▼

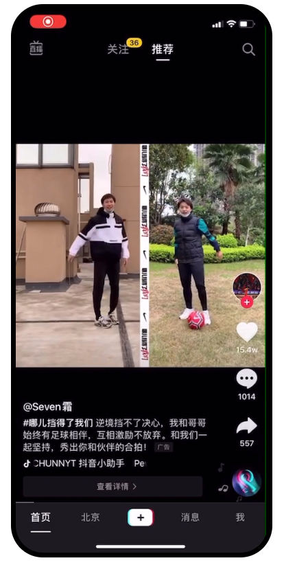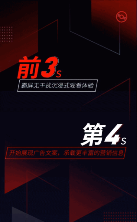 这类广告算是抖音首创的一种曝光形式,它的主要特点是以开屏加首条信息流视频的方法在视频的前3秒超级曝光,然后在第4秒的时候可以无缝衔接长达60秒的一个品牌信息,从而达到营销的目的,这样的广告形式可以完成一种沉浸式的触达。如下图所示:
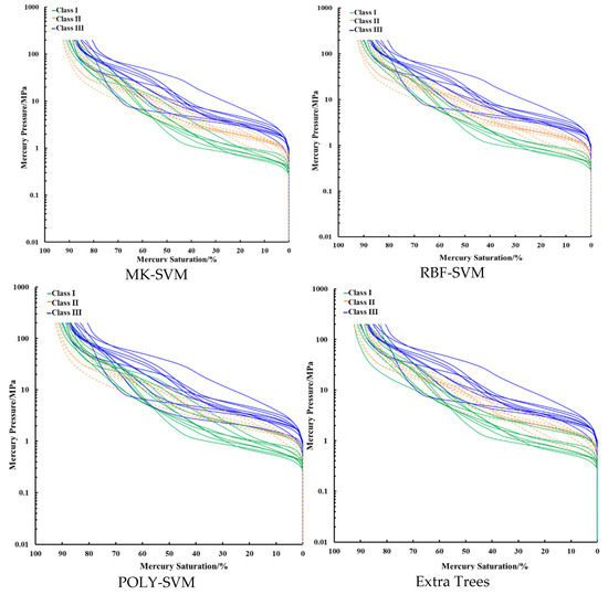 Based on the high-pressure mercury injection experimental data and dimensionality-reduction results of 25 rock samples in the study area, the reservoir can be classified into classes I, II and III by using four prediction types—Polynomial SVM, RBF SVM, MKL and Extra Trees. The capillary pressure (mercury injection) curve characteristics are shown in Figure 8. As can be seen from Figure 8, the boundary of capillary pressure curves of the three types of reservoirs obtained via the MK-SVM comprehensive evaluation and prediction model is the most obvious, and the reservoir classification results are very suitable for the classification and evaluation of the Chang 6 tight sandstone reservoir in the study area.
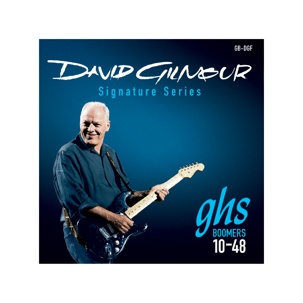 GB-DGF - Encordoamento 6 cordas para guitarra (010-048). Acabamento em Níquel, signature David Gilmour. A conexão de David Gilmour com a GHS remonta a 1979, quando ele começou a usá-las no projeto "The Wall" do Pink Floyd. Ele usa as medidas 10, 12, 16, 28, 38 e 48 em sua Stratocaster e 10.5, 13, 17, 30, 40 e 50 em sua Les Paul.
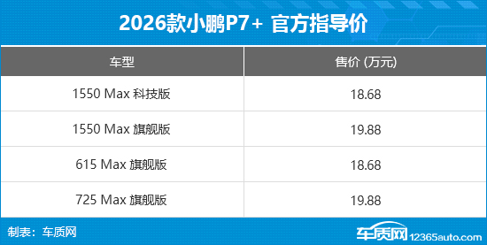 1月8日,2026款小鹏P7+正式上市,新车共推出4款车型,官方指导价为18.68-19.88万元,有增程、纯电两种动力形式。同时,官方还推出购车礼、置换礼、复购礼等多项限时购车权益。
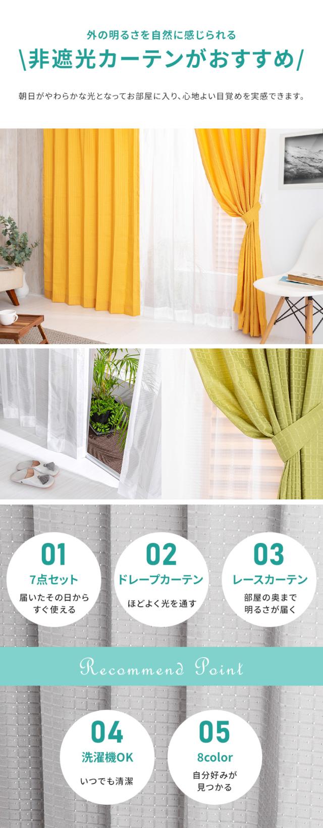 - 非遮光カーテンでカラーも色々とあり いつも購入してます。 今回はアイボリーの135センチにしました。 キレイな色合いで良かったです! お安く購入出来るので助かります! またお願いします。
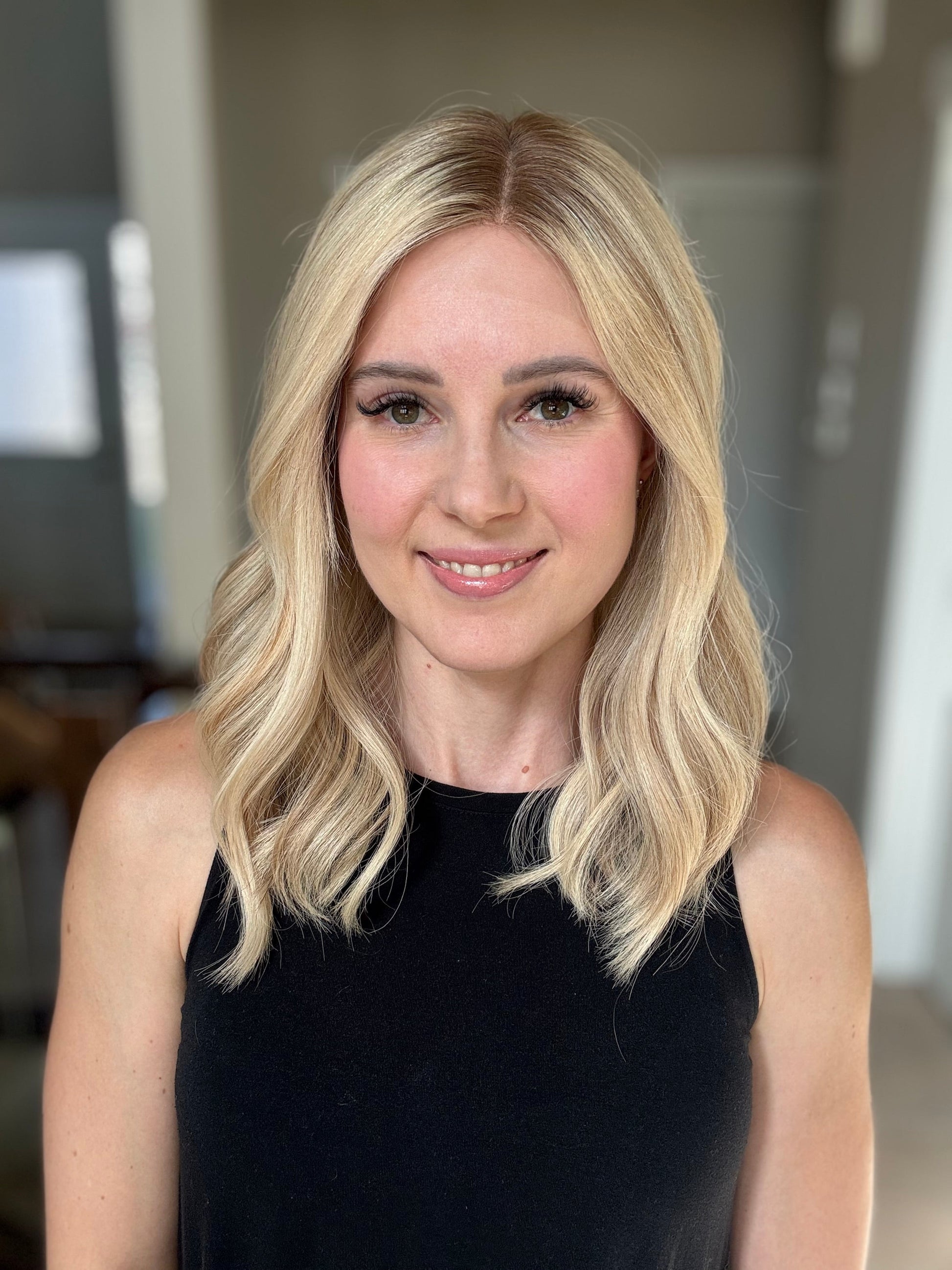 * Color: Warm light/medium dimensional blonde with dark blonde roots.
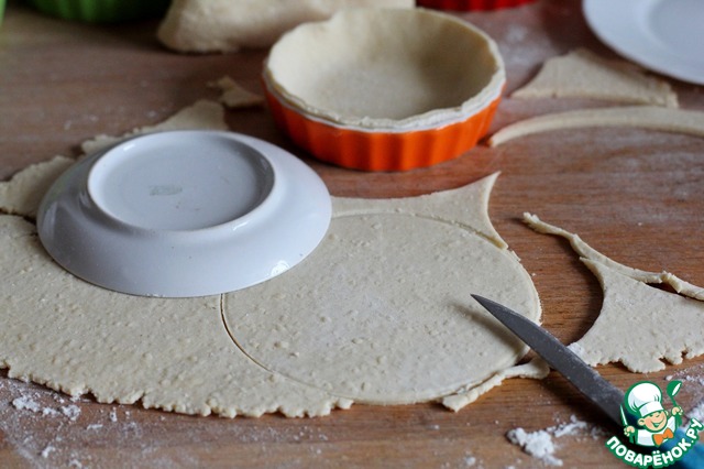 Теперь тесто. Достаём тесто с холода. Разрезаем на две части - для нижнего слоя возьмём чуть больше теста, т. к. у нас будут бортики. Раскатываем в тонкий пласт. Выстилаем дно формы.
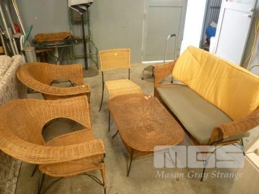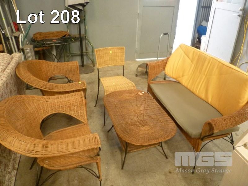 METAL FRAME, WICKER 5 PIECE PATIO SETTING INC 2 x SINGLES, 2 SEATER & COFFEE TABLE WITH WICKER CHAIR
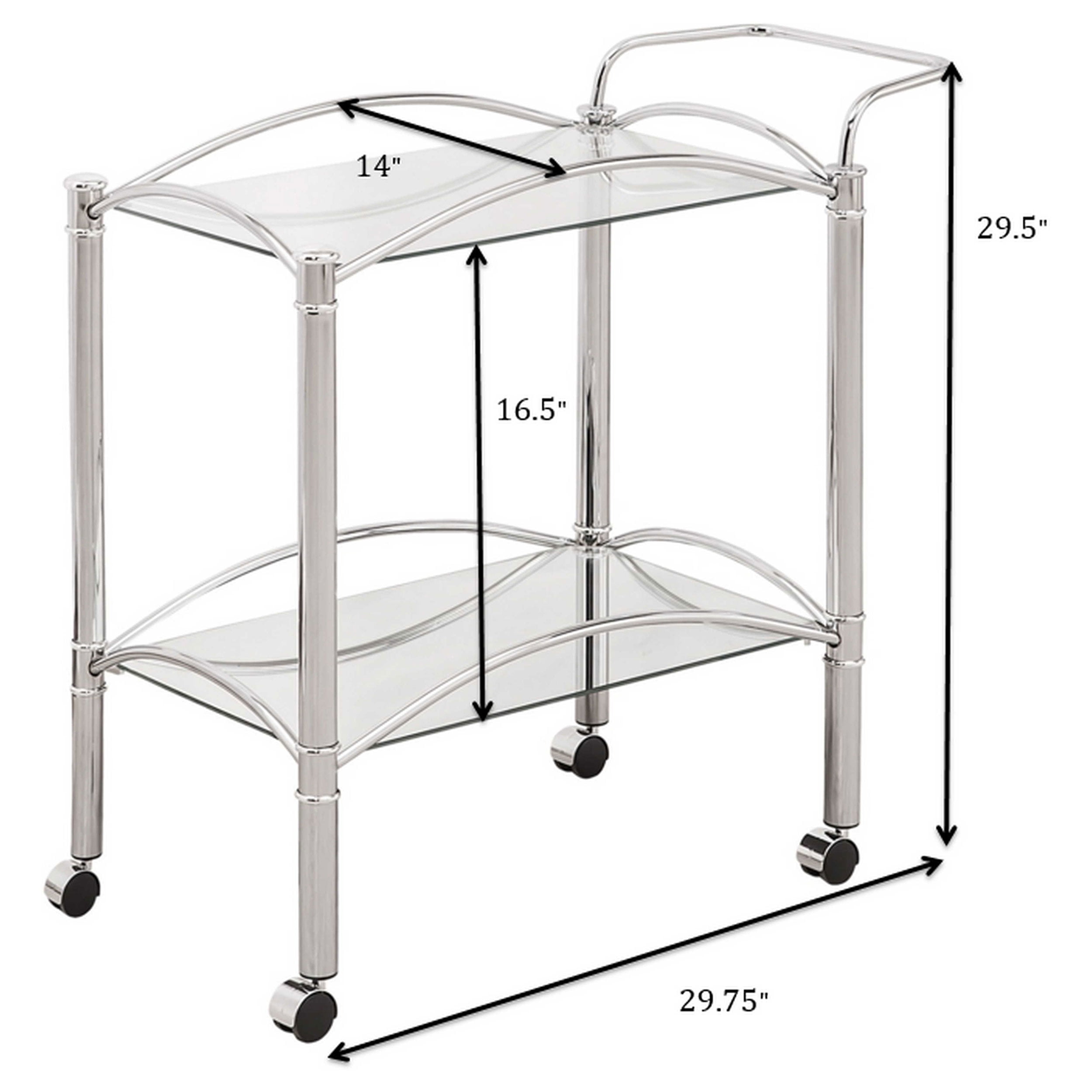 Simple elegance with a modern twist. This freshly styled serving cart offers a tasteful addition to contemporary decor. With a sleek chrome finish, its metal frame receives romantic curved accents. A tempered glass top shelf and mirrored bottom shelf accommodate beverages, food, and implements. Casters allow mobility to work the room easily. Features: Includes: One (1) serving cart Metal finish: Chrome Materials: Glass, metal, mirror Classic serving cart is a conversation piece in any era Chrome finish creates timeless look Clear tempered glass top shelf and mirrored bottom shelf add visual intrigue and personality Form and function include two (2) tiers of shelving with guardrails and casters Glass: Clear tempered glass Bottom shelf is mirror Shape: Rectangular Specifications: Product Dimensions: 29.5″ H x 29.75″ W x 14″ D Product Weight: 15.18 lbs Number of Shelves: 2 Assembly Required: Yes Warranty: One (1) year limited manufacturer warranty
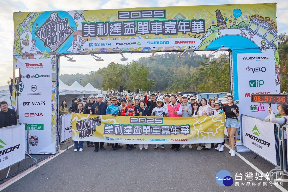 第23屆「2025美利達盃單車嘉年華」於11月29日熱鬧舉行,年末單車盛宴吸引來自全國各地近三千名車友齊聚日月潭,享受路線上的湖光山色。今年更邀請到全錦賽雙料冠軍杜志濠、「粉紅小鋼砲」黃亭茵、「美利達-諾飛客車隊」(Merida-Novatec)巫帛宏、彭源堂、熊凱文、徐暄評及、單車阿賢李冠賢等美利達健將,與車友一同馳騁全球十大最美自行車道。清晨於向山遊客中心,眾多嘉賓共同為活動揭幕,美利達總經理曾上原表示,希望所有車友盡情享受騎乘、美食與交流的樂趣;南投縣政府機要秘書黃馨瑩也祝福大家一路順利,沿路享受日月潭的美景美食。
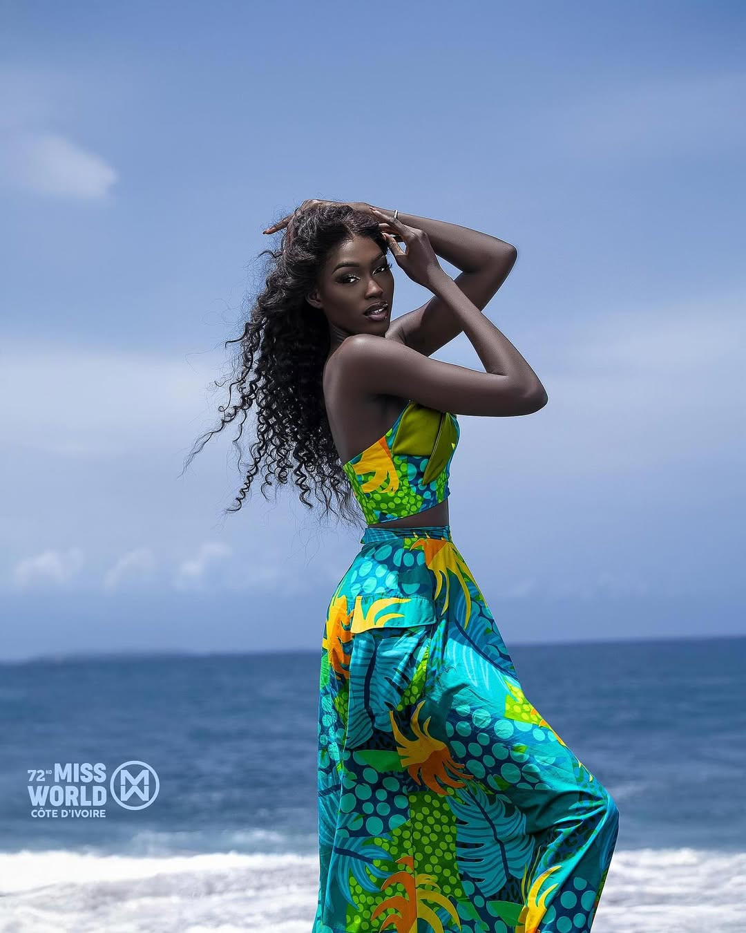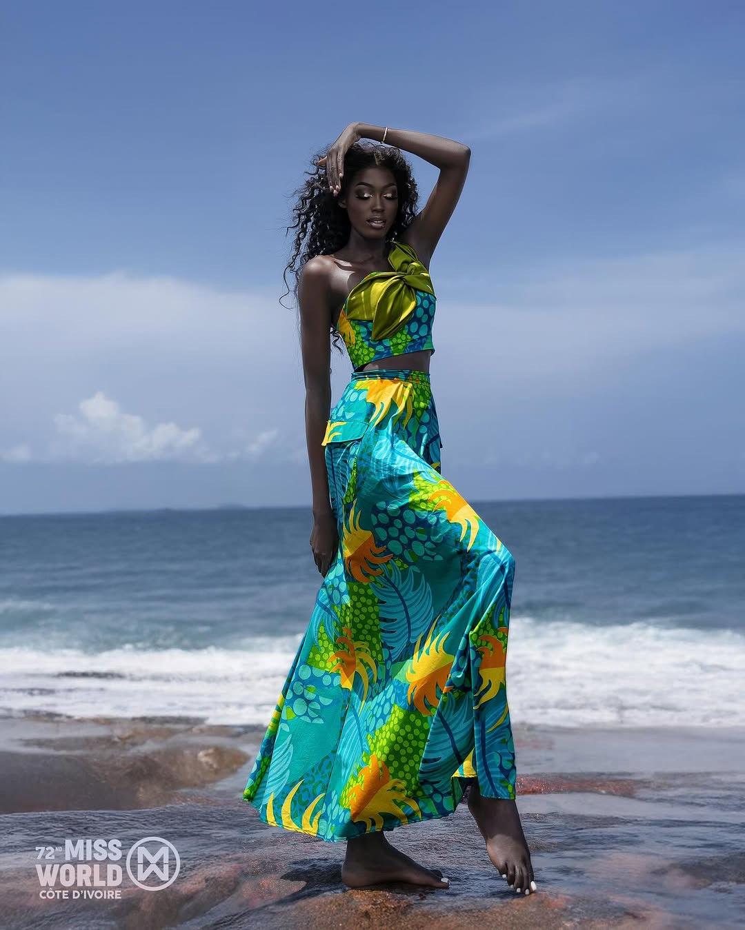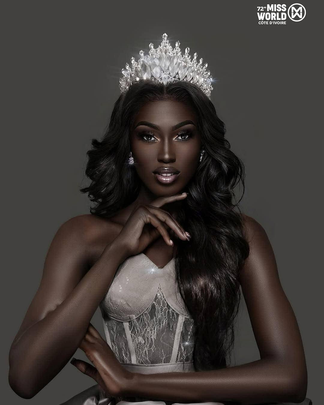 Trước khi Miss World 2025 chính thức bắt đầu, khán giả Việt đã đặc biệt chú ý đến đại diện Bờ Biển Ngà sau khi nhìn thấy bộ ảnh chân dung của cô. Nàng hậu mặc váy trắng đội vương miện pha lê lấp lánh tương phản với làn da màu sôcôla, tạo nên bức ảnh vô cùng độc đáo.

▲

In the answer, include exactly the lines from the one containing "1月8日,2026款小鹏P7" through the end of the records above and no pictures at all.

 1月8日,2026款小鹏P7+正式上市,新车共推出4款车型,官方指导价为18.68-19.88万元,有增程、纯电两种动力形式。同时,官方还推出购车礼、置换礼、复购礼等多项限时购车权益。
 - 非遮光カーテンでカラーも色々とあり いつも購入してます。 今回はアイボリーの135センチにしました。 キレイな色合いで良かったです! お安く購入出来るので助かります! またお願いします。
 * Color: Warm light/medium dimensional blonde with dark blonde roots.
 Теперь тесто. Достаём тесто с холода. Разрезаем на две части - для нижнего слоя возьмём чуть больше теста, т. к. у нас будут бортики. Раскатываем в тонкий пласт. Выстилаем дно формы.
 METAL FRAME, WICKER 5 PIECE PATIO SETTING INC 2 x SINGLES, 2 SEATER & COFFEE TABLE WITH WICKER CHAIR
 Simple elegance with a modern twist. This freshly styled serving cart offers a tasteful addition to contemporary decor. With a sleek chrome finish, its metal frame receives romantic curved accents. A tempered glass top shelf and mirrored bottom shelf accommodate beverages, food, and implements. Casters allow mobility to work the room easily. Features: Includes: One (1) serving cart Metal finish: Chrome Materials: Glass, metal, mirror Classic serving cart is a conversation piece in any era Chrome finish creates timeless look Clear tempered glass top shelf and mirrored bottom shelf add visual intrigue and personality Form and function include two (2) tiers of shelving with guardrails and casters Glass: Clear tempered glass Bottom shelf is mirror Shape: Rectangular Specifications: Product Dimensions: 29.5″ H x 29.75″ W x 14″ D Product Weight: 15.18 lbs Number of Shelves: 2 Assembly Required: Yes Warranty: One (1) year limited manufacturer warranty
 第23屆「2025美利達盃單車嘉年華」於11月29日熱鬧舉行,年末單車盛宴吸引來自全國各地近三千名車友齊聚日月潭,享受路線上的湖光山色。今年更邀請到全錦賽雙料冠軍杜志濠、「粉紅小鋼砲」黃亭茵、「美利達-諾飛客車隊」(Merida-Novatec)巫帛宏、彭源堂、熊凱文、徐暄評及、單車阿賢李冠賢等美利達健將,與車友一同馳騁全球十大最美自行車道。清晨於向山遊客中心,眾多嘉賓共同為活動揭幕,美利達總經理曾上原表示,希望所有車友盡情享受騎乘、美食與交流的樂趣;南投縣政府機要秘書黃馨瑩也祝福大家一路順利,沿路享受日月潭的美景美食。
 Trước khi Miss World 2025 chính thức bắt đầu, khán giả Việt đã đặc biệt chú ý đến đại diện Bờ Biển Ngà sau khi nhìn thấy bộ ảnh chân dung của cô. Nàng hậu mặc váy trắng đội vương miện pha lê lấp lánh tương phản với làn da màu sôcôla, tạo nên bức ảnh vô cùng độc đáo.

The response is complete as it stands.